Fox says show isn't about sex

Television: "Temptation Island" is merely about relationships, executive claims.

January 08, 2001|By David Zurawik | David Zurawik,SUN TELEVISION CRITIC

LOS ANGELES -- Last year, after the debacle of "Who Wants to Marry a Multi-millionaire," Fox chairman Sandy Grushow vowed that the network was done with "reality" television.

Yesterday, Grushow not only acknowledged that the network has reversed itself, but found himself trying to defend a new Fox show in which the contestants have to be tested for sexually transmitted diseases before being allowed to participate.

The show is "Temptation Island," a heavily promoted reality series premiering Wednesday that features four committed but unmarried couples in their twenties facing sexual temptation from 26 sexy singles on a tropical island off the coast of Belize. The singles include a dancer, a bikini model, a Navy flight instructor and a rock musician.

Grushow and Gail Berman, the new president of Fox Entertainment, said they are merely following changing standards in taste with shows like "Temptation Island" and "Love Cruise," another Fox reality series scheduled for February that features singles "pairing off" on a cruise, in the words of Berman. "Temptation Island" is one of several new reality series that start arriving tomorrow on ABC with the premiere of "The Mole," a show featuring 10 contestants working to win a $1 million prize, but one of them is a mole secretly trying to undermine their efforts.

"I'm not distancing myself from anything. We work in a dynamic business, and things change," Grushow said in response to one of several questions concerning his return to the low road of sexually exploitative reality TV that were asked here yesterday on the Winter Press Tour.

"Look, something happened last summer. A little show called "Survivor" came along and turned the prime-time network television landscape on its ear," Grushow said.

"This is a business, and I'm responsible to a lot of people including the investors in this country. So, it would be negligent on my part not to allow Gail Berman and her programming team to pursue what is obviously an incredibly powerful trend in the industry. The audience has spoken, and they have shown that they have a deep appetite for this kind of non-scripted programming," he added.

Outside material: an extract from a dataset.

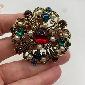 Gold Tone Scrolled Brooch featuring red prong set rhinestones off set by pearls and red, green, and blue cabochans

The press conference grew contentious when Grushow and Berman tried to spin "Temptation Island," which features men and women in hot tubs trying to seduce each other, as "not being a show about sex."

"I don't think this a show that tries to pry apart couples," Grushow said in answer to a question about the ethics of creating a show in which one member of a relationship betraying the other is packaged as entertainment.

"This is a show that endeavors to explore the dynamics of people in serious relationships. These are people who are very much interested in exploring the strengths of their relationships. This is not a show about sex," he said.

When asked if anyone had sex outside their relationship during the 12 days of filming and whether any sexual acts would be shown on television, Berman declined comment.

"I'm not going to comment on anything that goes on on the island," Berman said.

When asked if the couples and singles had been given condoms by Fox as CBS had done with contestants on "Survivor" and "Big Brother" last year, Grushow said, "I'm not even going to glorify that with a response."